Exercise brief: Below is some data. Retype exactly the lines starting at the one with "Still, BofA forecasts" and ending at the one with "Set di maschi".

Given entries below:

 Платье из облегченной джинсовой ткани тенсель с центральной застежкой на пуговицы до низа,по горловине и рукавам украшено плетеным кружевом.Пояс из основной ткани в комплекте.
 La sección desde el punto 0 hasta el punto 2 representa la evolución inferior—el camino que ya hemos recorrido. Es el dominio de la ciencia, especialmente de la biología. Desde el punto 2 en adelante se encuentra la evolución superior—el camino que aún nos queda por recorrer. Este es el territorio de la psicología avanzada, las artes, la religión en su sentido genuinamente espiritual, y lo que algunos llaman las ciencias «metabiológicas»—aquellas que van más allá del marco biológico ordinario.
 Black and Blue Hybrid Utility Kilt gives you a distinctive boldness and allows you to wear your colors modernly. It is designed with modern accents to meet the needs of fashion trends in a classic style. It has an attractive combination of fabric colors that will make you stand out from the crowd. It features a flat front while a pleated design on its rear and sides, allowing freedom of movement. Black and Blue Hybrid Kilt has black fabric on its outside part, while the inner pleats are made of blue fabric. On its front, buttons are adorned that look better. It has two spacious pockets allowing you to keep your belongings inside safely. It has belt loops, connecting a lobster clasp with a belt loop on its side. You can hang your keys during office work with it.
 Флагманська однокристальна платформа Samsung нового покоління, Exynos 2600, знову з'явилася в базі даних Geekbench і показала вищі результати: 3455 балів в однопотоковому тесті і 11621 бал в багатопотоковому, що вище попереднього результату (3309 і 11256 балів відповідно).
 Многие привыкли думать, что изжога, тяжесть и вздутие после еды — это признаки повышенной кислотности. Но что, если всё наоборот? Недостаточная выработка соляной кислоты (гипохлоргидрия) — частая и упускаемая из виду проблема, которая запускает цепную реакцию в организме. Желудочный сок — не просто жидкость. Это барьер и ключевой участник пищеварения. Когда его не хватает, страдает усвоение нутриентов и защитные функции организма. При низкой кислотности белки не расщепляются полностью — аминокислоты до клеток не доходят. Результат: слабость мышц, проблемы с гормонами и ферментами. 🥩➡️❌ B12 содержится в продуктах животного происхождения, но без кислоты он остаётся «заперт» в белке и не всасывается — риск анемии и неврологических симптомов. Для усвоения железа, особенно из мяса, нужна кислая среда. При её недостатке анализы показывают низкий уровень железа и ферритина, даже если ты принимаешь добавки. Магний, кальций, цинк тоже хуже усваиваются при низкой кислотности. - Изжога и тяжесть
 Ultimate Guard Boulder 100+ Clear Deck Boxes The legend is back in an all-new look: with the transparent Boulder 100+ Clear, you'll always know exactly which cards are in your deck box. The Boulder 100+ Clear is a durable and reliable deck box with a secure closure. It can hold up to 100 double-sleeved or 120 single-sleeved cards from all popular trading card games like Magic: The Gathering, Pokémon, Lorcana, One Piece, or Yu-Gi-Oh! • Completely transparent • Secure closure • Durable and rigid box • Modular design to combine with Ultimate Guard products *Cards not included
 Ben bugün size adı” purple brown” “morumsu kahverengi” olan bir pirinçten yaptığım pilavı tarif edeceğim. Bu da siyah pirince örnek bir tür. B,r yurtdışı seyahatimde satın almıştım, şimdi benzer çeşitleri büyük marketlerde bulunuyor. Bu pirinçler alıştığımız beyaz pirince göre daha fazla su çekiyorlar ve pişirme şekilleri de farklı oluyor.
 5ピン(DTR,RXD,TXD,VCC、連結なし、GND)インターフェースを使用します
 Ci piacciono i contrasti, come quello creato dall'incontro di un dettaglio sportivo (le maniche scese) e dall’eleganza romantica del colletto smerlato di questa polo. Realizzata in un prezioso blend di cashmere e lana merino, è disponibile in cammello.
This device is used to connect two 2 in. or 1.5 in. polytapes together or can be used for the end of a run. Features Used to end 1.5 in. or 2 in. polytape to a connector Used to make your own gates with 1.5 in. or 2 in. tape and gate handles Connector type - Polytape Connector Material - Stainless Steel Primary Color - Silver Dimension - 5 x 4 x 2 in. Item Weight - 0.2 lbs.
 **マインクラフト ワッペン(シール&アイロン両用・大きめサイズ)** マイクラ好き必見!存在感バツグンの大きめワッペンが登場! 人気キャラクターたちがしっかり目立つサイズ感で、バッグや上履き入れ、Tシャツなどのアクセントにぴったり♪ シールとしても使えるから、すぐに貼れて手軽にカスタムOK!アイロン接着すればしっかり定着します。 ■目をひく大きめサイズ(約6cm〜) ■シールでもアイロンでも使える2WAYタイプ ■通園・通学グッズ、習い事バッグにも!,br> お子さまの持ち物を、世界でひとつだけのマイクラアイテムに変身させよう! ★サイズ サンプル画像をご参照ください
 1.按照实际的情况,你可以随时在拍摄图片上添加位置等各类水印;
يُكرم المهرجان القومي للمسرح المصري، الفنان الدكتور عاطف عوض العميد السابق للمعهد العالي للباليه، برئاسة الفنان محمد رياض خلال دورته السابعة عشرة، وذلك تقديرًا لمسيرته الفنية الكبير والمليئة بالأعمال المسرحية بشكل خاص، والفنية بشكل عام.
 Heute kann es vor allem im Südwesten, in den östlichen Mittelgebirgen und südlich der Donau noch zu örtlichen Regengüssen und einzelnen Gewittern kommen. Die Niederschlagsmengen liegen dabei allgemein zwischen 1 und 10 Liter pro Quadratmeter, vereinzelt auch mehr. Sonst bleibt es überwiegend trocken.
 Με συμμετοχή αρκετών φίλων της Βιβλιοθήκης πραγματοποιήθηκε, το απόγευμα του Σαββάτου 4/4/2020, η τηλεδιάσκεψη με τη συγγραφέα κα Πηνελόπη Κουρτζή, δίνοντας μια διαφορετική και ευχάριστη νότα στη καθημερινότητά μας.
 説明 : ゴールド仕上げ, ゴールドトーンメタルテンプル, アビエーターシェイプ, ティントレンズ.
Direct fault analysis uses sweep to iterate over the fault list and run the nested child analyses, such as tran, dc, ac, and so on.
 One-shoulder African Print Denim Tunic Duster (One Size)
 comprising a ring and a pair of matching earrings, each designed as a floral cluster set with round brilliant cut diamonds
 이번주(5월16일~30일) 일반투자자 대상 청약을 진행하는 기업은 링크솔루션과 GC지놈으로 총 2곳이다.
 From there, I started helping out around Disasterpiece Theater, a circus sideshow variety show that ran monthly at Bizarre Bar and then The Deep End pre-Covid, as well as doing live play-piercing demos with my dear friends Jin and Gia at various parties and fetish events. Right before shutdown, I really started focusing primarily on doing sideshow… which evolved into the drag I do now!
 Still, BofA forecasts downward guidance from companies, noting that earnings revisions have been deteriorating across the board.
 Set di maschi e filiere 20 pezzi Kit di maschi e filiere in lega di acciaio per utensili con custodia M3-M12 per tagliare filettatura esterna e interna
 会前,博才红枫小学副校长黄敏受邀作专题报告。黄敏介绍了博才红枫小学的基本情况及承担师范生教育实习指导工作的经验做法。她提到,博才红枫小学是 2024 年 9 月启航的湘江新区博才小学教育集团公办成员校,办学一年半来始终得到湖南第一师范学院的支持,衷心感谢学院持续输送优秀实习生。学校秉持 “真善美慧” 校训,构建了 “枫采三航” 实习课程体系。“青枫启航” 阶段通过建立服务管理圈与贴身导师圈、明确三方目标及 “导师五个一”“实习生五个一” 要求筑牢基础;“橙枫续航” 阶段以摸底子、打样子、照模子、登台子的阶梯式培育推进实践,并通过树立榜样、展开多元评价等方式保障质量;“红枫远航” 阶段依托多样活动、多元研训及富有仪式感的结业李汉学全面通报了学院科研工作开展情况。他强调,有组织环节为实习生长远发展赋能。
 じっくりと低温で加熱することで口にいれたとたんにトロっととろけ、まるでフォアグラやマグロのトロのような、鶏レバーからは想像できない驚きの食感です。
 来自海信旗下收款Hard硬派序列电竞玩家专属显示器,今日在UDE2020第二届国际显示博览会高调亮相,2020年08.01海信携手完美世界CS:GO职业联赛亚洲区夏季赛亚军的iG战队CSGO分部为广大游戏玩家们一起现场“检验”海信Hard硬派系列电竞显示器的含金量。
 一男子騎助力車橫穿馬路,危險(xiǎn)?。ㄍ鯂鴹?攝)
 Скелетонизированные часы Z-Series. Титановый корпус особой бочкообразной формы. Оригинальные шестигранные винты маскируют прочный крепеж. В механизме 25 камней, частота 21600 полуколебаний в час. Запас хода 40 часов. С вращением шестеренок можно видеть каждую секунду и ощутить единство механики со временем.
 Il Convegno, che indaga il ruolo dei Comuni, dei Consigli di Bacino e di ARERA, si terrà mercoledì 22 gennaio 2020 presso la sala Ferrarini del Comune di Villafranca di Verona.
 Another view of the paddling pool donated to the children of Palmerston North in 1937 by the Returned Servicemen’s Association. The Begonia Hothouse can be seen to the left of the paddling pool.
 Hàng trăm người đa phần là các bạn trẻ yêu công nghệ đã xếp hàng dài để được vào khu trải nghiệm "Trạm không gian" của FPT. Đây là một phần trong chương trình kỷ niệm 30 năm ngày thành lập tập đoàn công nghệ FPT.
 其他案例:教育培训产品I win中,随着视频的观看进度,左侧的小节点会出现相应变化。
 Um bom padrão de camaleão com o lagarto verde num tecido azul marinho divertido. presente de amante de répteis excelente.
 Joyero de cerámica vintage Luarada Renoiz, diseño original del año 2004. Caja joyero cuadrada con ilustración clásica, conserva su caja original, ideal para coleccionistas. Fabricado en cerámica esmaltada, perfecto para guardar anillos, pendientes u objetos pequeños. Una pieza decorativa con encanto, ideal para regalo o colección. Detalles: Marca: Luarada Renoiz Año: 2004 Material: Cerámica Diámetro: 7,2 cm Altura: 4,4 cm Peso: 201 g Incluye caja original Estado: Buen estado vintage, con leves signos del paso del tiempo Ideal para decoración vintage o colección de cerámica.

End of Given entries.

Answer to the problem:
 Still, BofA forecasts downward guidance from companies, noting that earnings revisions have been deteriorating across the board.
 Set di maschi e filiere 20 pezzi Kit di maschi e filiere in lega di acciaio per utensili con custodia M3-M12 per tagliare filettatura esterna e interna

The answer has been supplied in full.